What to work on: Retype the lines of the material below, exactly and only, from the one containing "권성동 국민의힘 원내대표가" through the last line, with pictures left out.

Given records:
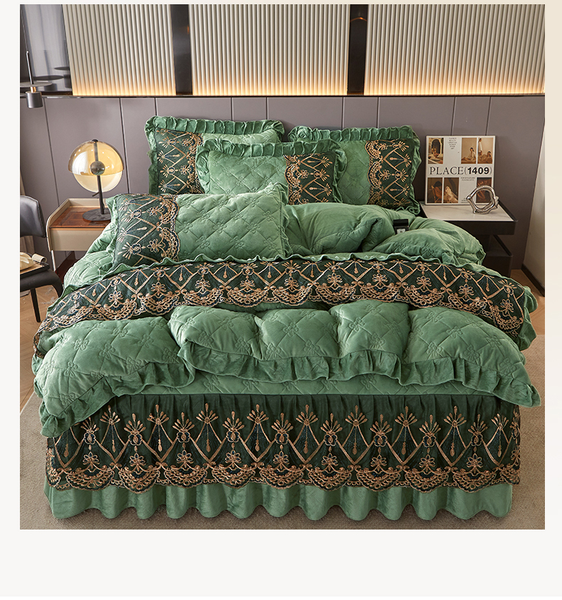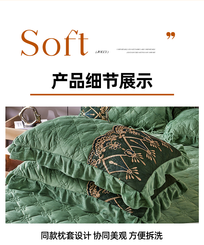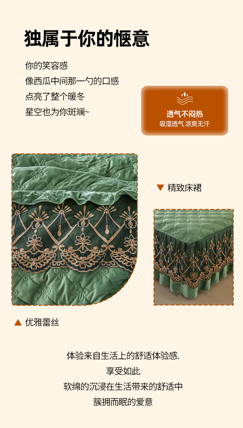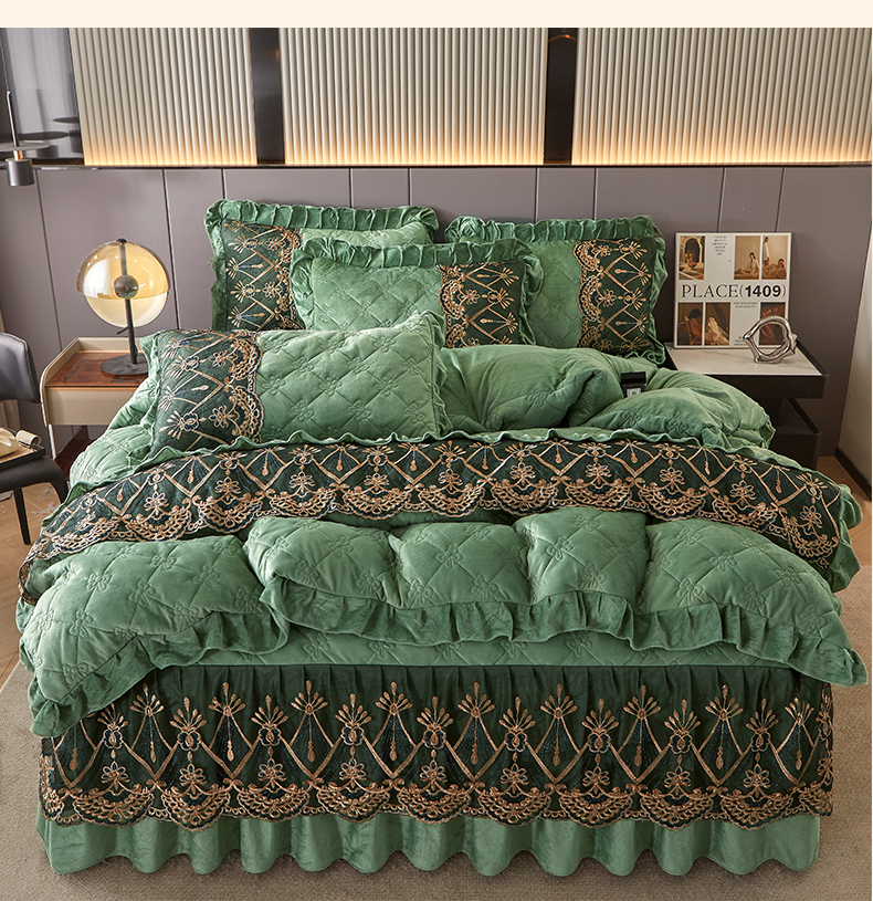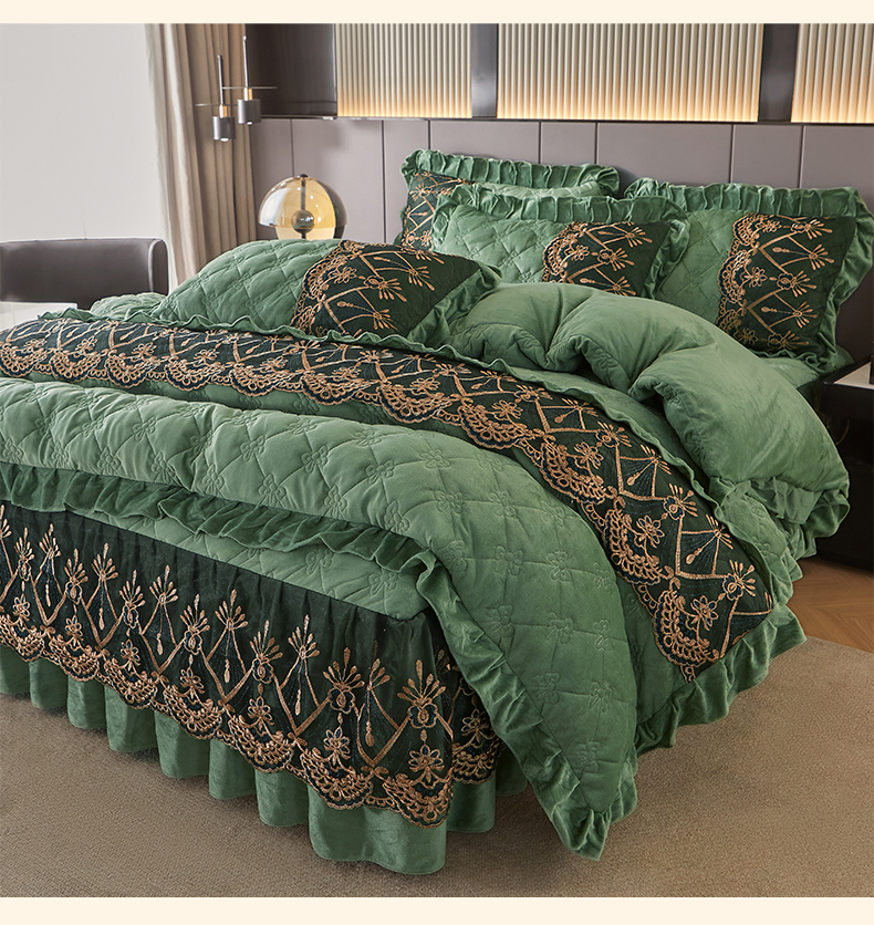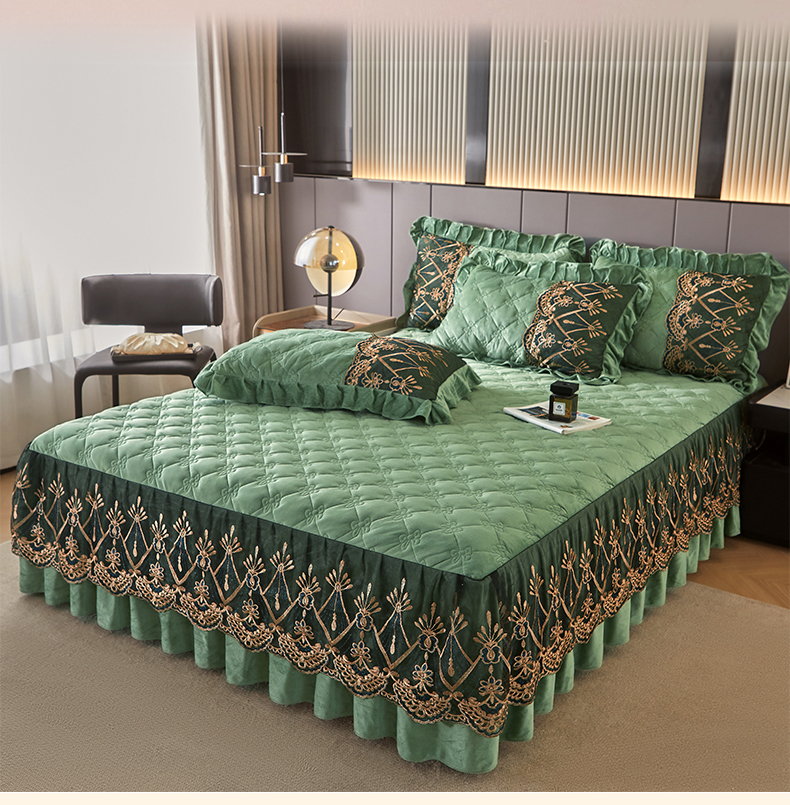 当前位置: 91家纺网 > 商品网购 > 床品套件 > 四件套 > 水晶绒四件套 > 屹成家纺2025新款水晶绒夹棉绗缝床裙四件套(塞纳河畔)四件套起售价不低于230元 橄榄绿
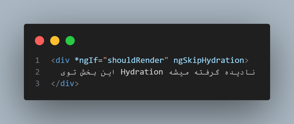 اما اگه بخوای از ویژگیهای جدید استفاده کنی، یه سری APIهای جدید معرفی شدن. مثلاً Angular حالا ngSkipHydration رو داره که میتونی توی template استفاده کنی تا بعضی از المنتها هیدراته نشن:
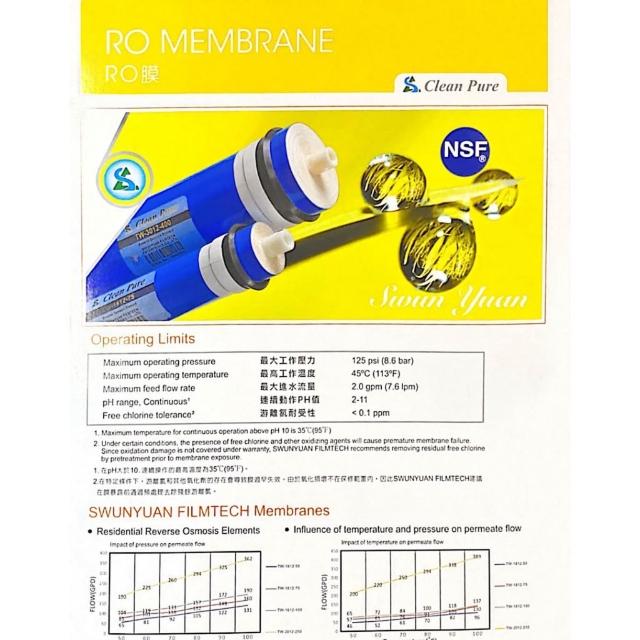 Clean Pure 1812-75加侖 RO膜生飲淨水器濾心
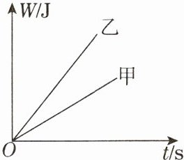 10. [2024·晋中期末]某学习小组在比较甲、乙两辆不同动力系统玩具车的性能时,使两辆小车在同一水平面上做匀速直线运动,获得如图所示的小车做功W与时间t的图像。下列说法正确的是 ( )
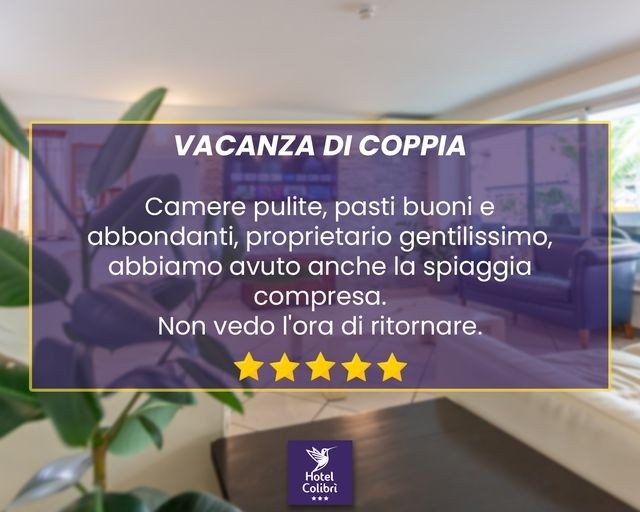 Per garantirti la qualità dei nostri servizi abbiamo selezionato per te le foto che meglio descrivono l’atmosfera familiare dell’Hotel Colibrì e i profumi della nostra cucina. Verifica ora la disponibilità per il tuo soggiorno a Rimini!
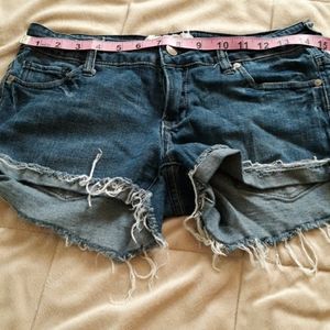 Lot of 2 pair, Super cute Altar'd State Shorts. One light blue, distressed, lacey inserts, and 1 darker blue. Both 5 pockets, button and zip closure. Excellent used condition, measurements in pics, size 7 (28). Offers welcome
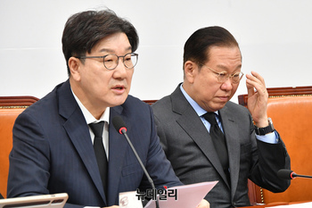 권성동 국민의힘 원내대표가 27일 국회에서 열린 산불재난대응 특별위원회 긴급회의에서 발언을 하고 있다.
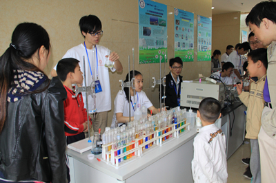 在西区学生活动中心,报告厅播放着关于绿色生态环保的动漫视频。在东活和西活广场,一系列趣味科学小实验——杯中的水倒流、分合的水流、漂浮的针、烧不断的棉线、会拐弯的光、让杯子隐形、烟雾瀑布、站立的易拉罐等,吸引了许多小朋友好奇的目光。此外,还安排了趣味有奖问答和趣味科普展览,帮助大家感受科技魅力、享受健康生活、认识自然灾害、呵护我们的美丽家园。“太有趣了,下次我还要再来!”合肥市宁溪小学三年级学生崔子涵兴奋地说。

Exercise response:
 권성동 국민의힘 원내대표가 27일 국회에서 열린 산불재난대응 특별위원회 긴급회의에서 발언을 하고 있다.
 在西区学生活动中心,报告厅播放着关于绿色生态环保的动漫视频。在东活和西活广场,一系列趣味科学小实验——杯中的水倒流、分合的水流、漂浮的针、烧不断的棉线、会拐弯的光、让杯子隐形、烟雾瀑布、站立的易拉罐等,吸引了许多小朋友好奇的目光。此外,还安排了趣味有奖问答和趣味科普展览,帮助大家感受科技魅力、享受健康生活、认识自然灾害、呵护我们的美丽家园。“太有趣了,下次我还要再来!”合肥市宁溪小学三年级学生崔子涵兴奋地说。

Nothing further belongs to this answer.